## Exercise objective
The pictures in the listing below are to be skipped, while the lines between the line holding "Phù hợp anh" and the line holding "最后一步,输入「Y」,启动Hermes chat。", inclusive, are to be output exactly.

## Dataset entries
- - - - - - -

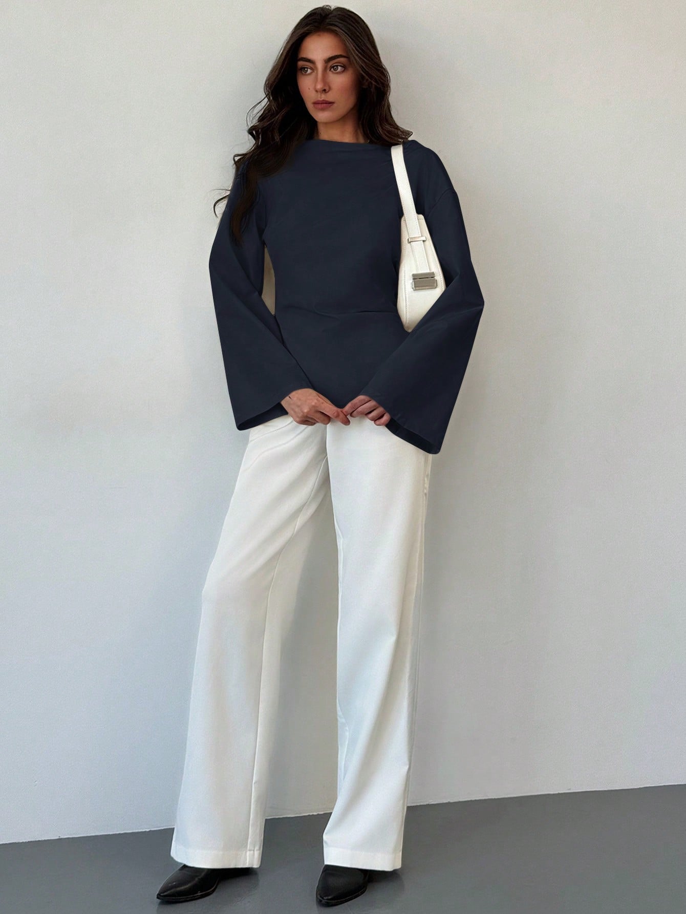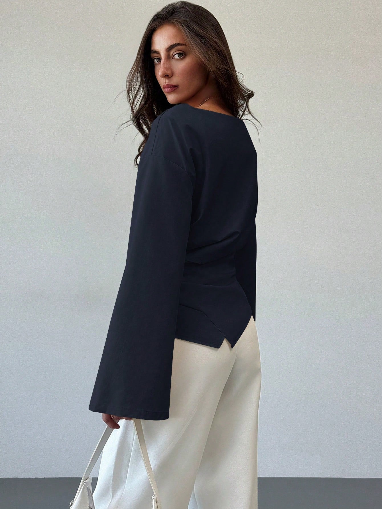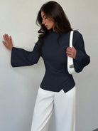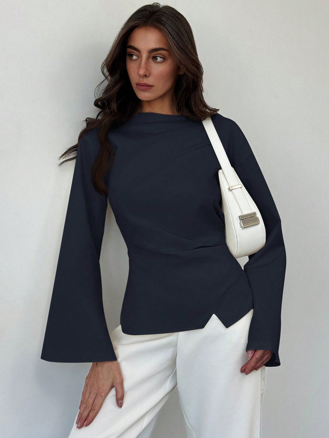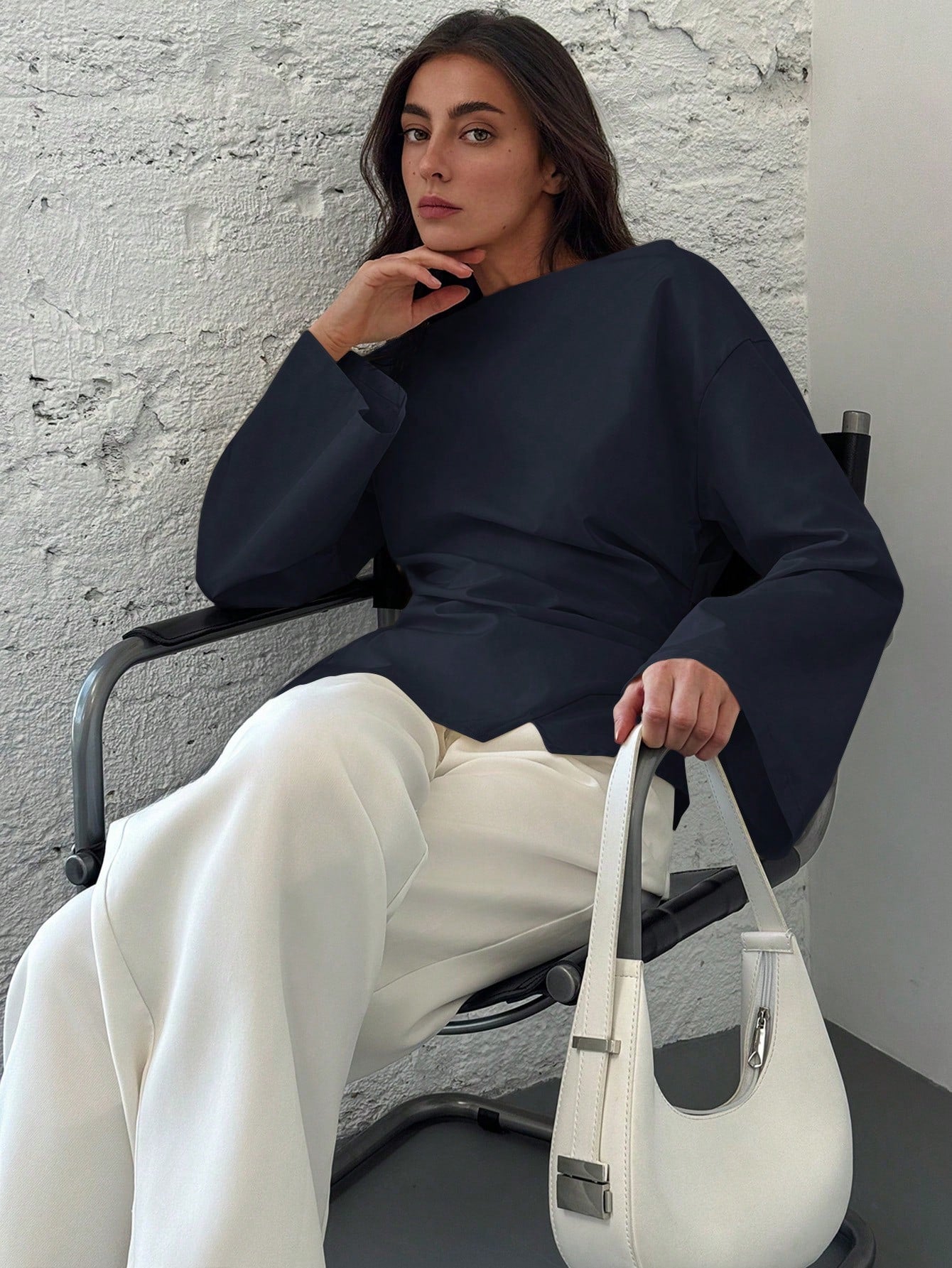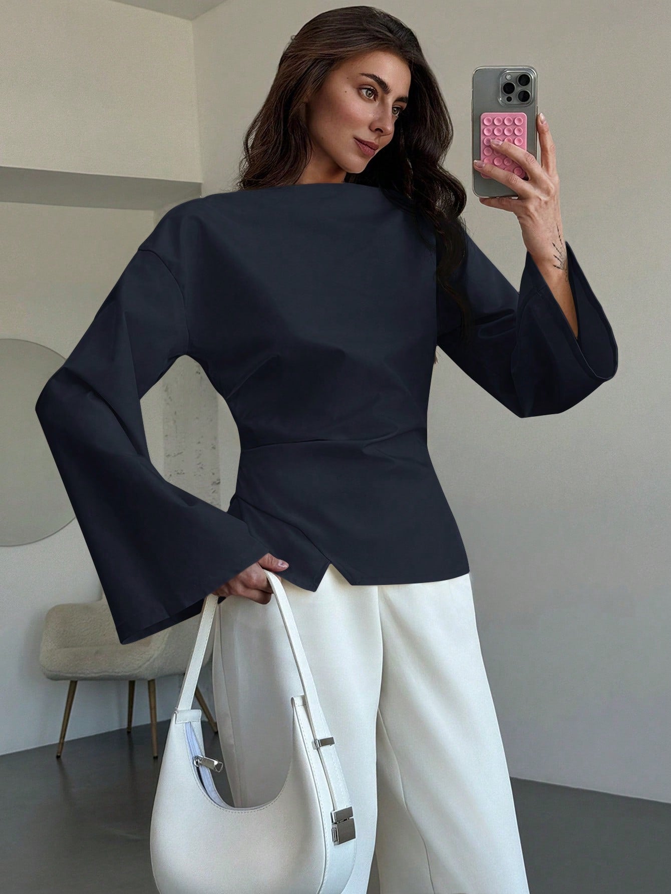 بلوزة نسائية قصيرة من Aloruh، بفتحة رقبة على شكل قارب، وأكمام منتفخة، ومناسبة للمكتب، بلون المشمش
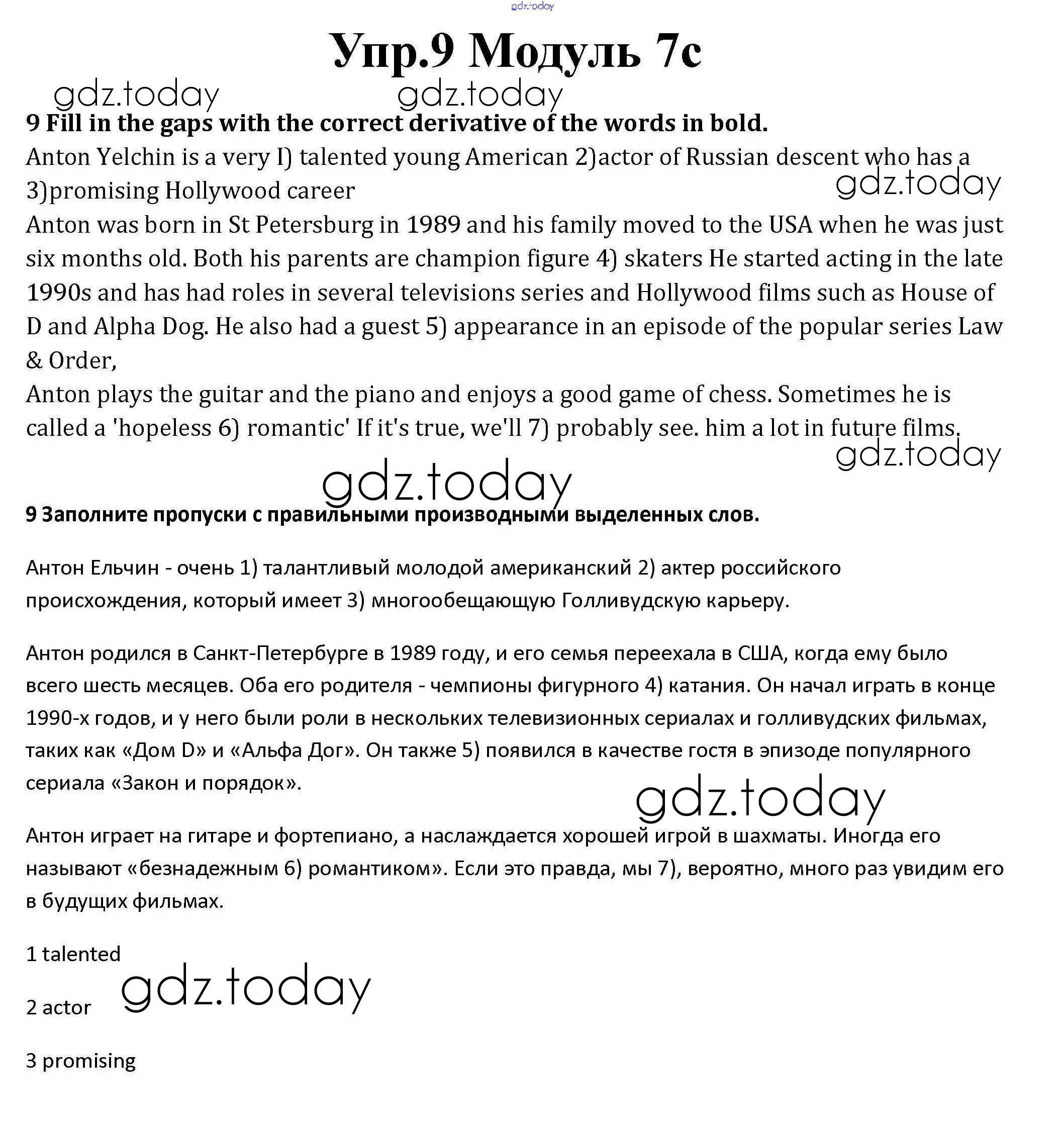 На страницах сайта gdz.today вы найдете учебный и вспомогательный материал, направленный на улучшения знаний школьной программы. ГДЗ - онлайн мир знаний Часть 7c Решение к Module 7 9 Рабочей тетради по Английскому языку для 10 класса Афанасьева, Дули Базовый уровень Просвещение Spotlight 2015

- - - - - - -

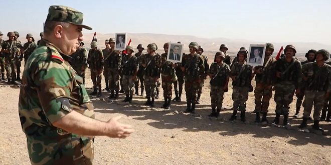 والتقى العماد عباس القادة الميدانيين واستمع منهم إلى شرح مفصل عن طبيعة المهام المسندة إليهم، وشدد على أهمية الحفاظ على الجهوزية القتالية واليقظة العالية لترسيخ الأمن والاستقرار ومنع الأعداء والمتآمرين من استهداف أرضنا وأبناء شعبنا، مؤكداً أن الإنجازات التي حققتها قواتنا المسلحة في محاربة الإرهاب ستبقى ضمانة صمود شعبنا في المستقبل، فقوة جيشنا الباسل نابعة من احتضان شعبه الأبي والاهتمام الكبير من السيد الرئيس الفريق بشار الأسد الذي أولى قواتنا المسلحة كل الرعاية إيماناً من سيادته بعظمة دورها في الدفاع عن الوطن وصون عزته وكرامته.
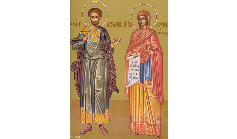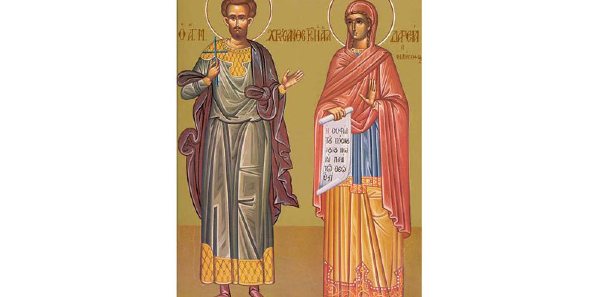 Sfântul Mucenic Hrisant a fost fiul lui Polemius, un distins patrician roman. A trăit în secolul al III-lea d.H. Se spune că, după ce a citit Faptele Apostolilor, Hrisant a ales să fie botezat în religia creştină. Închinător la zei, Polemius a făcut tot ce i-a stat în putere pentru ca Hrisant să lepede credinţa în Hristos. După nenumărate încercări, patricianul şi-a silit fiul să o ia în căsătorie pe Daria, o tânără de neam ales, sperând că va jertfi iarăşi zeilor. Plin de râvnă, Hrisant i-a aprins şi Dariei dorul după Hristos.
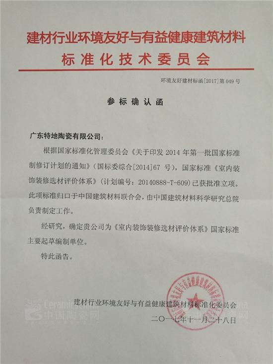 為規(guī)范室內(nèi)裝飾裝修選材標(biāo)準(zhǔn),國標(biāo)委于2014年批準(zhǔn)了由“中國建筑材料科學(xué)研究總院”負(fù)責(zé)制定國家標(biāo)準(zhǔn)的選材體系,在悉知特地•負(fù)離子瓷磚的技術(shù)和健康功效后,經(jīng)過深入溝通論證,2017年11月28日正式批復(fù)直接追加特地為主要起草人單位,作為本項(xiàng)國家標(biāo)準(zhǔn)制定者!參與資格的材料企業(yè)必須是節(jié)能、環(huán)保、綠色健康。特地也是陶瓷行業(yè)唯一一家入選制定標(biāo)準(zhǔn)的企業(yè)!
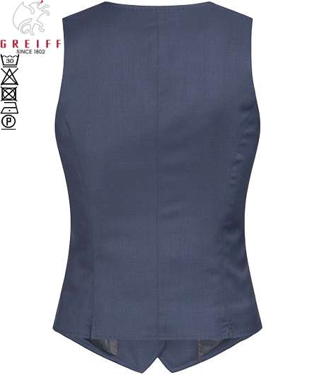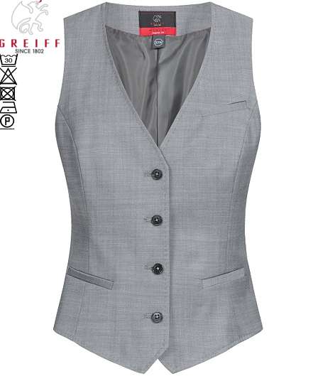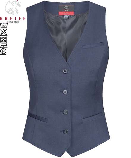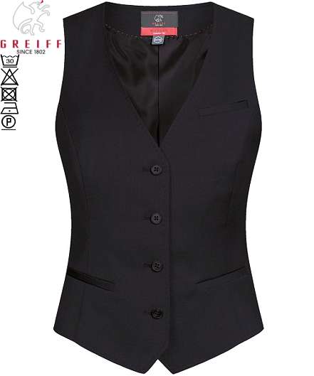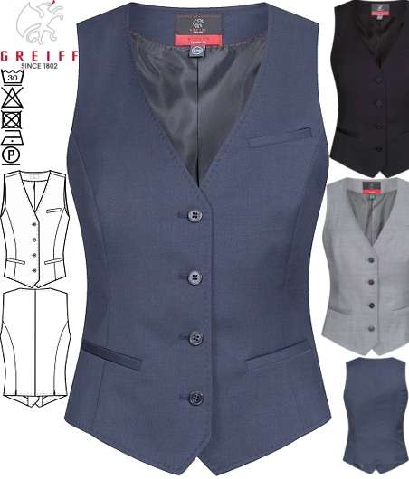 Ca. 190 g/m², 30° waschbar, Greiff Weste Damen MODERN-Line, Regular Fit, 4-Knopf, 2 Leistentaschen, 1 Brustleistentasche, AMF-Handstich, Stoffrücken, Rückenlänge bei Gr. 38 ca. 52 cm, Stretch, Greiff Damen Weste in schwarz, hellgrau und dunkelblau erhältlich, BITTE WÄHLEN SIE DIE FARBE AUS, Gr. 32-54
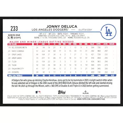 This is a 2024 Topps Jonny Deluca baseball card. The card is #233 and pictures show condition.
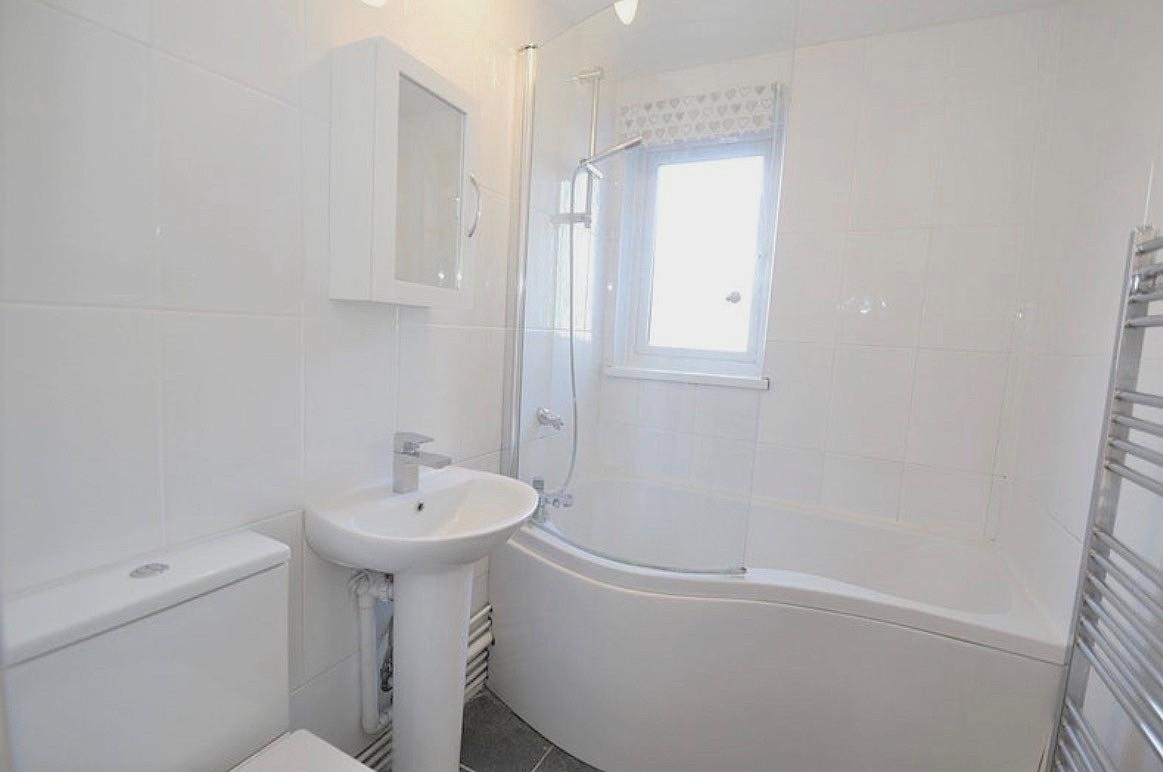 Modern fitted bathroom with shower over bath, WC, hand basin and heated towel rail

- - - - - - -

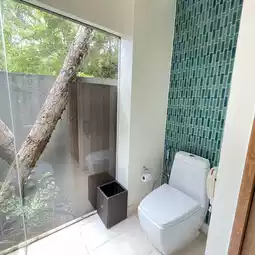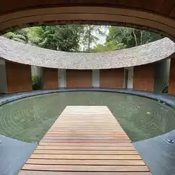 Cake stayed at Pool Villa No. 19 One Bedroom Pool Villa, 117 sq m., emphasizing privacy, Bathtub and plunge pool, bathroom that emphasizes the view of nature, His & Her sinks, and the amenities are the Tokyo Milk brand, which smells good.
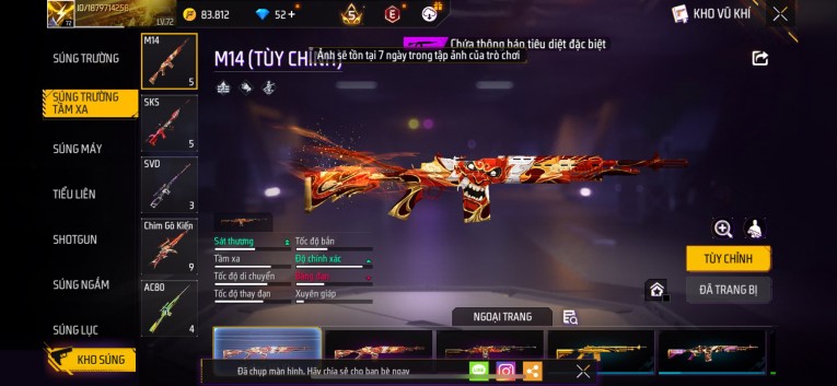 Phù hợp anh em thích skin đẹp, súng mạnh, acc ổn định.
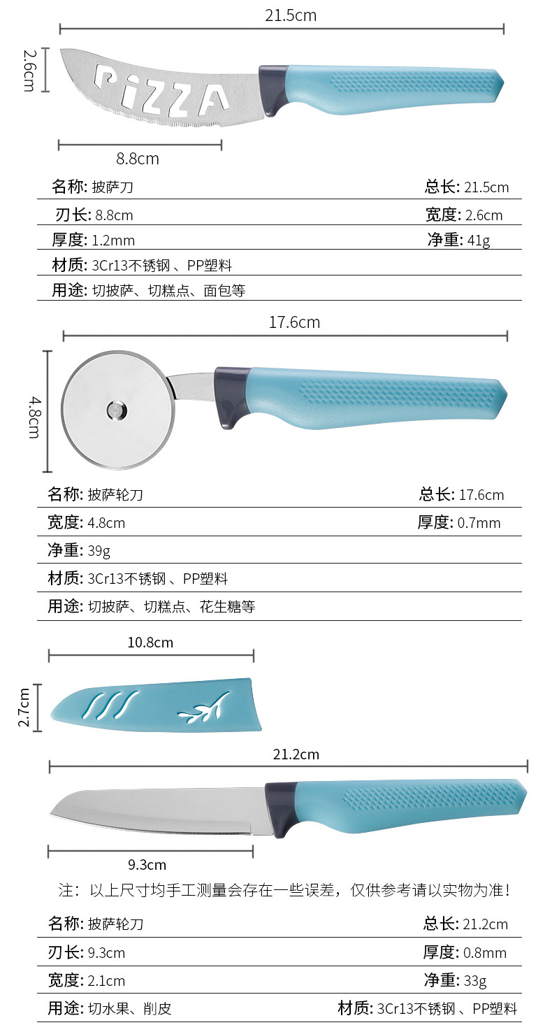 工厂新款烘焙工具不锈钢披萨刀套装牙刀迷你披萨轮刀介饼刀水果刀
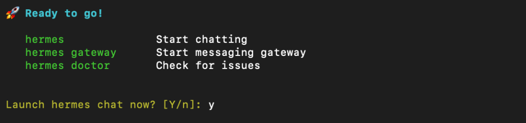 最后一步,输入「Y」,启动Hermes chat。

- - - - - - -

## Exercise solution
 Phù hợp anh em thích skin đẹp, súng mạnh, acc ổn định.
 工厂新款烘焙工具不锈钢披萨刀套装牙刀迷你披萨轮刀介饼刀水果刀
 最后一步,输入「Y」,启动Hermes chat。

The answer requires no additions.